1時間あたり10円の違いは小さく見えます。ただし1日8時間、12月から3月までの4か月で計算すると、約9,600円になります。

冬の朝、エアコンをつけて部屋が暖まるのを待つあいだ、手足が冷えたままでいる時間。あの数分を短くするために何を足すか。そう考えると、選ぶ器具が変わってきます。

速さが欲しいなら石油ファンヒーター、静かさなら電気式、費用を抑えたいなら足元だけを暖めるもの。全部を1台でまかなおうとしないほうが、結果的に安く済みます。

実際の機種で比べる

よくある質問

オイルヒーターは電気代が高いと聞きますが本当ですか

部屋全体を暖める用途では高くなりやすいです。電気を熱に変えるだけなので、エアコンのような効率の良さがありません。ただし空気を汚さず音も静かなので、寝室や子ども部屋で「多少高くても静かに暖めたい」という選び方はあります。

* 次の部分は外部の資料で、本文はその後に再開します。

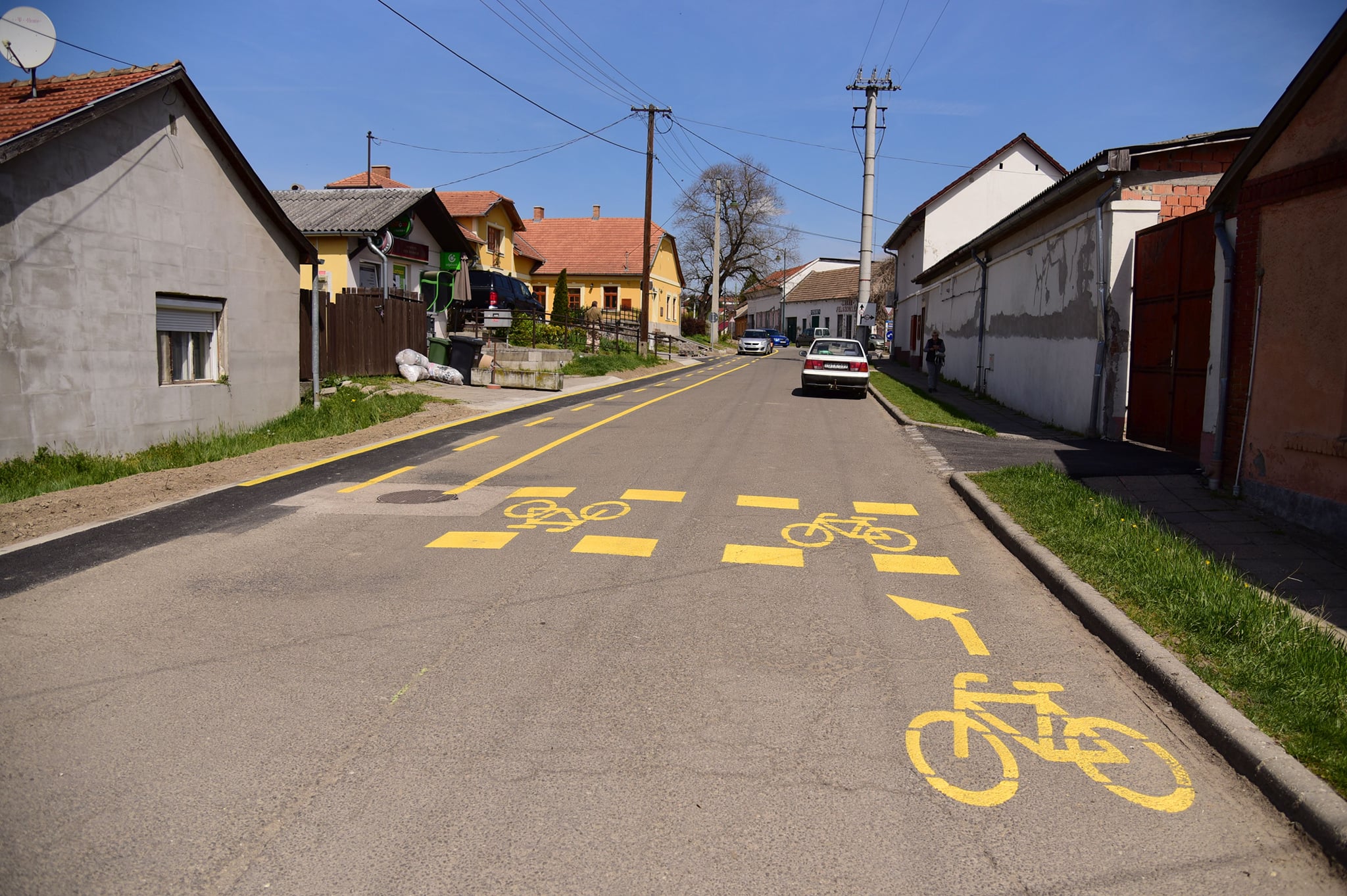 - látványos, hogy a 30 km/h sebességhatárú utca járműközlekedésre szolgáló felületeinek burkolására nem a nagyobb sebességű utakra való aszfaltot, hanem térkőburkolatot terveztek, amelynek a színe is üzenetértékű (nem aszfaltszín),
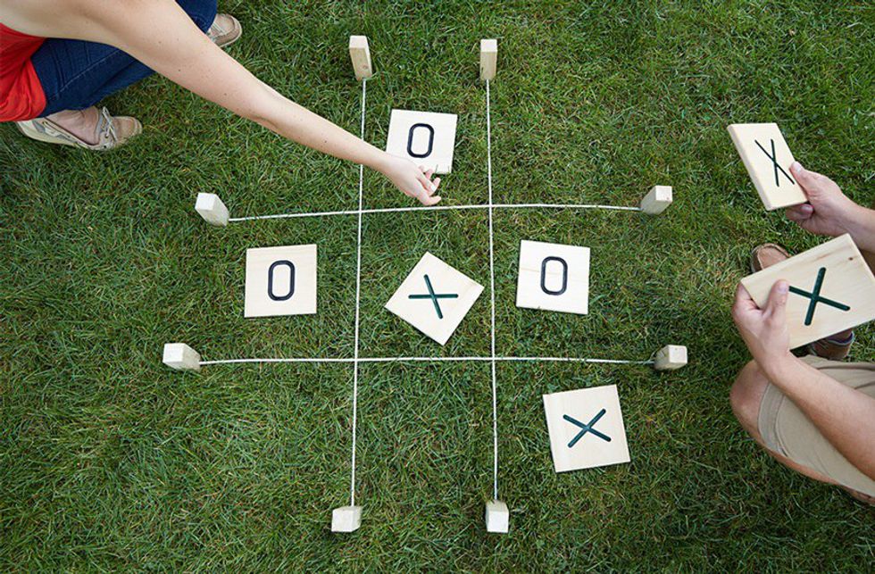 We've all played tic-tac-toe on the back of our placemats at a restaurant while waiting for our food, or in the back of our notebooks at school, but now you can play a larger version in your backyard. This is a simple game to construct. All you need is eight pegs and four pieces of string connecting two of the pegs together. Place two of them parallel in the ground, then cross the other two over them, creating nine squares. Then put X's and O's on cubes of wood, or rocks.
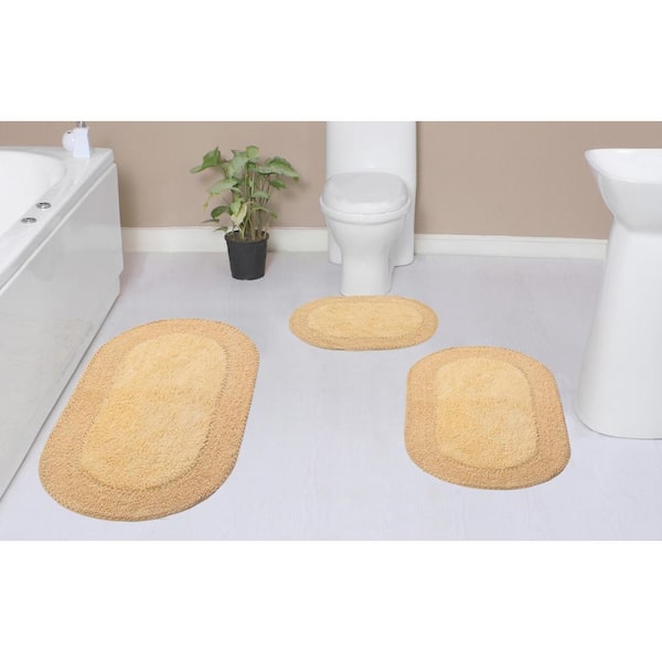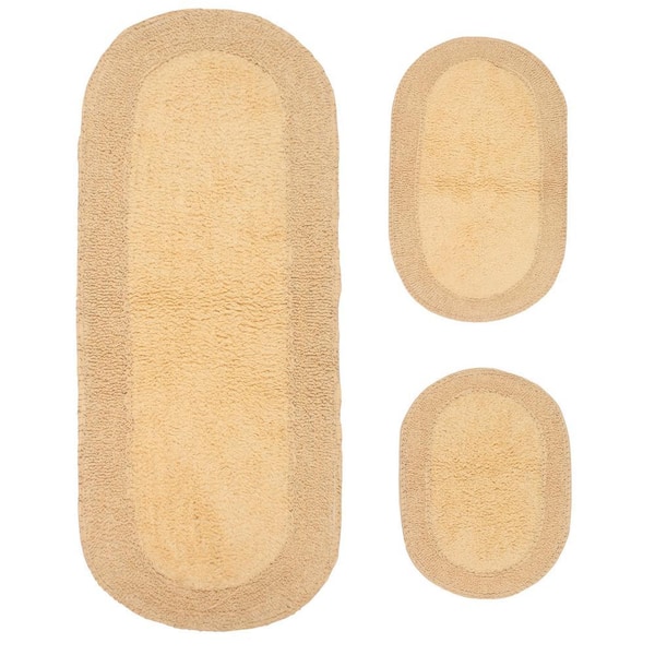 Double Ruffle Collection 100% Cotton Bath Rug Set, 3-Pcs Set with Runner, Butter

エアコンはつけっぱなしと、こまめに消すのどちらが安いですか

短時間の外出ならつけっぱなしのほうが安くなることが多いです。エアコンは設定温度まで上げるときに最も電力を使うので、冷えきった部屋を暖め直すほうが電気を使います。数時間の外出なら消したほうがよくなります。

電気ストーブは電気代が安いですか

安くありません。800〜1,200Wを使うので、1時間あたりではエアコンより高くなることもあります。すぐ暖かくなるのが利点なので、脱衣所など短時間だけ使う場所に向いています。

こたつだけで冬を越せますか

部屋の温度は上がらないので、上半身は寒いままです。部屋が極端に冷える地域では、健康面のリスクもあります。エアコンを弱めに併用するほうが、結果的に安く快適になります。

暖房費をいちばん減らす方法は何ですか

設定温度を下げることです。そのために体のまわりを直接暖める器具を足すのが効きます。加えて、カーテンを厚手にする、窓に断熱シートを貼るなど、熱を逃がさない工夫も同じくらい効果があります。

まとめ:数字を比べる前に、範囲を揃える

暖房器具の電気代を比べるときは、次の順番で考えてください。

  1. 暖める範囲を揃える。部屋全体の器具と、まわりだけの器具は比べられません
  2. エアコンだけ仕組みが違うと知る。外の熱を運ぶので、消費電力の3.5〜6倍の熱を出せます。ただし外が冷えるほど効率は落ちるので、寒冷地では前提が変わります
  3. 電気を熱に変える器具は、どれも効率が同じ。オイルヒーターも電気ストーブもこたつも変わりません
  4. 組み合わせる。エアコンで部屋を、こたつや電気毛布で体を。設定温度を下げられるぶんが節約になります

暖房器具のカタログには消費電力が書かれていますが、その数字は「どれだけ電気を使うか」であって、「どれだけ暖かくなるか」ではありません。

同じ1,000Wでも、エアコンなら数千W分の熱になり、電気ストーブなら1,000W分の熱にしかならない。この違いを知っているかどうかで、冬の光熱費は変わります。